Seeing Albers

Originally Posted on The Yale Herald via UWIRE

Forget the writing assignment. Forget the criticism. Forget the research, at least for now. When you walk into the Josef Albers exhibit at the Edgewood Art Gallery, come in just to see it. This is the message behind the new exhibit “Search Versus Re-Search: Josef Albers, Artist and Educator,” which opened Tues., Sept. 15 to a crowd of wide eyes and murmuring voices. One man, staring at a sketch filled with short vertical lines, unconsciously moved his hand through the air in a rolling wave. Another held a skateboard under his arm as he walked from one collection of colors to another. In a small corner sectioned off by glass, pairs and trios of gallery-goers watched a film of the paper folding process.
Josef Albers has been influencing the Yale School of Art ever since he stepped in as Chair of the Department of Design in 1950. Anoka Faruqee, the show’s curator and head of Yale’s painting and printmaking department, told me, “I think being at Yale, a liberal arts, very academic institution, our tendency is to analyze and to use language first, and use perception second. And Albers reversed that paradigm.” In curating this exhibit at Yale, Faruqee herself does the same.
For Faruqee, Albers’ main breakthrough in the way Yale teaches art lies in the name of the exhibit: “Search Versus Research.” “Search indicates trial and error,” she said. “And that’s the primary thing as an artist; you have to experience the world, you have to experience color and texture first, before you theorize about it.” In the exhibit, a display case of sketches drawn on cheap, yellowing newsprint reveals this mentality. By flipping from one thin page to the next, Faruqee explained that Albers’ students could “let go of that preciousness and take risks.” When speaking to a group of current art students at the exhibit, Faruqee delivered a similar message: “The fastest way to shoot yourself in the foot is to be obsessed with the end product.”
That’s the brilliance of the Albers show; it lets us behind the scenes of Albers’ approach to art, but then it makes us stop to just see the shapes, lines, and colors. We find ourselves searching before re-searching. Albers has taught generations of students to appreciate art this way. Faruqee remembered a paper-folding project she did as an architecture undergraduate at Yale in the 90s, at the time unaware that her assignment was a variation of something Albers had introduced.
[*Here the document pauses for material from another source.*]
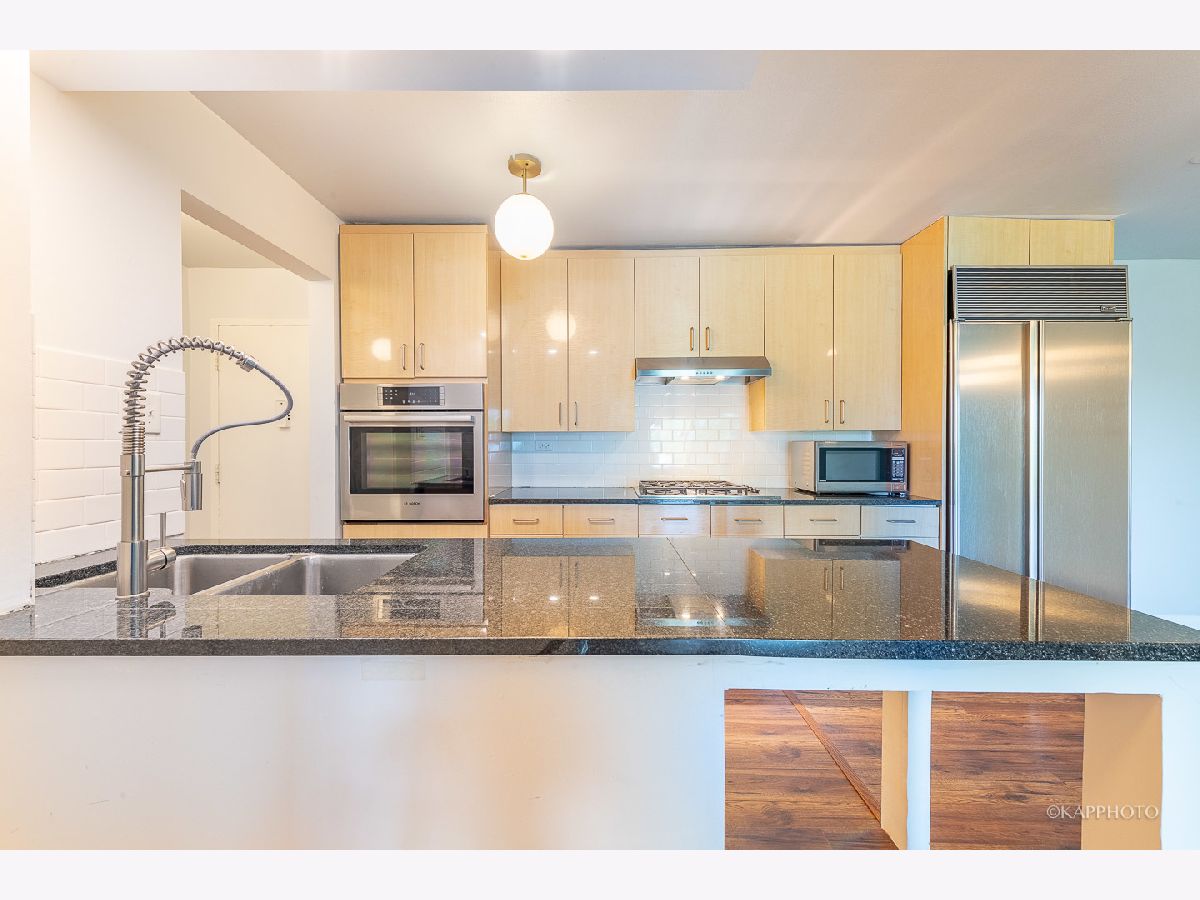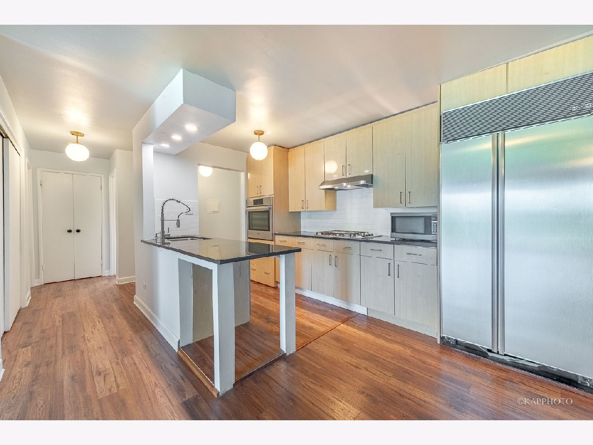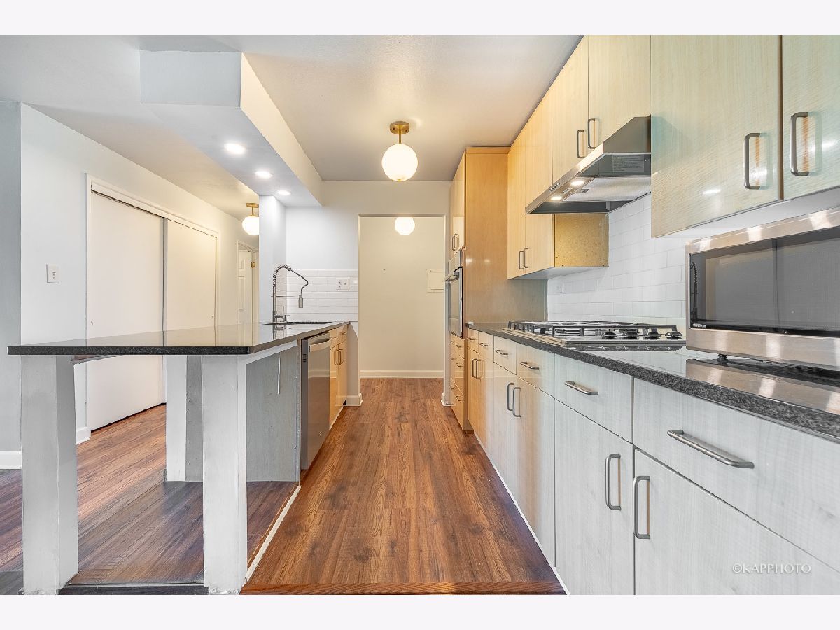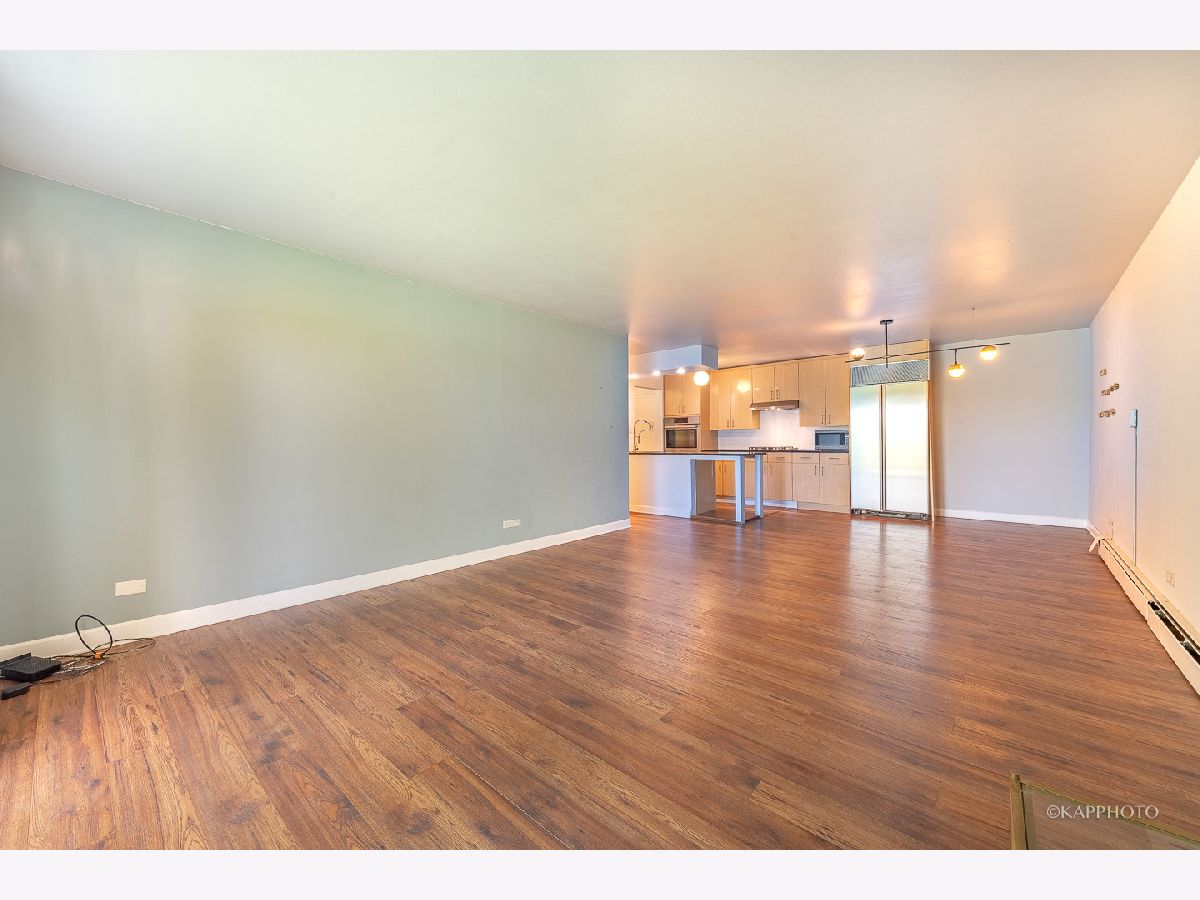 Beautiful, remodeled 1 bed/1 bath condo located in the quiet Royal Glen condo! Freshly painted! Property features modern kitchen with contemporary kitchen cabinets, granite countertops, full-tiled backsplash, high-end stainless steel appliances (Bosch oven, SubZero counter depth refrigerator), & more. Open concept floorplan - large living room is filled with natural light & a dedicated dining area. Generous-sized balcony oversees the greenery space. Oversized bedroom comes with plenty of closet space. Updated bathroom with soaking tub & subway tiles. Newer flooring & light fixtures. Building offers huge lobby with sitting areas on the main floor, updated party/community room, in-ground pool, & more. Conveniently located - close to park, restaurants, expressways, golf course, shopping center, & grocery stores. Move in now!

“I made this kind of crazy paper construction,” she said, laughing. “I went to the bathroom and looked at myself in the mirror, and I just looked so blue. All the warmth had been sucked out of me.” Though Faruqee said her blueness had less to do with exhaustion and more to do with contrast from the bright red-orange paper she was working with, her dedication to the work was clear. At the far end of the Albers exhibit, a display of white folded paper made decades before Faruqee’s architecture project echoes that same spirit of commitment to a simple concept.
In another section of the Albers show, I marveled at bold collages made with pieces of colored paper. Albers wanted his students to focus on perception and composition, and by assigning paper collages he avoided laborious task of pigment mixing. I could imagine Albers’ students, so many years ago, figuring out how to study color without even mixing it. “Students would dumpster dive,” Faruqee said. “They would use anything that was available to them.”
While dumpster diving is no longer a School of Art pastime, Yale students still find ways to use
Albers’ teaching. An iPad app based on Albers’ 1963 book Interaction of Color—a collection of
screenprinted color plates—is available on three iPads at the exhibit, and it is now incorporated into
a freshman seminar called Blue. Projects done on the app can be reproduced over and over, like Albers’ newsprint, and have readily available colors, like his collages. The app introduces a new dimension of accessibility to Albers’ color ideas; Faruqee said students were so afraid of getting thumbprints on the original 1963 book, they couldn’t truly play around with it.
The idea of “Search versus Re-Search” expands beyond the scope of Albers’ own practice. As we walked around the exhibit, we approached each piece like a game, teasing our own eyes and perceptions of color. It seemed out of place, even childish, to be so lighthearted in an art gallery—but then again, that was the point. I watched Professor Faruqee tell a group of students to stare at a small black dot inside a red circle and then look at a white one. At the resulting ooh’s and
aah’s, Faruqee let out a triumphant “Yes”! The exhibit at Edgewood reminds us that Albers’ philosophy extend beyond the gallery walls. It echoes in our lives as students.
“Search versus Re-Search,” a phrase collected from one of Albers’ own quotes, has stuck around to influence Yale for generations. We see it in Albers’ work and his students’ work. More importantly, as we go to classes, attend art events, and explore exhibits like the Albers show, we can continue Albers’ legacy in our own appreciation for the work we do during our own Yale careers.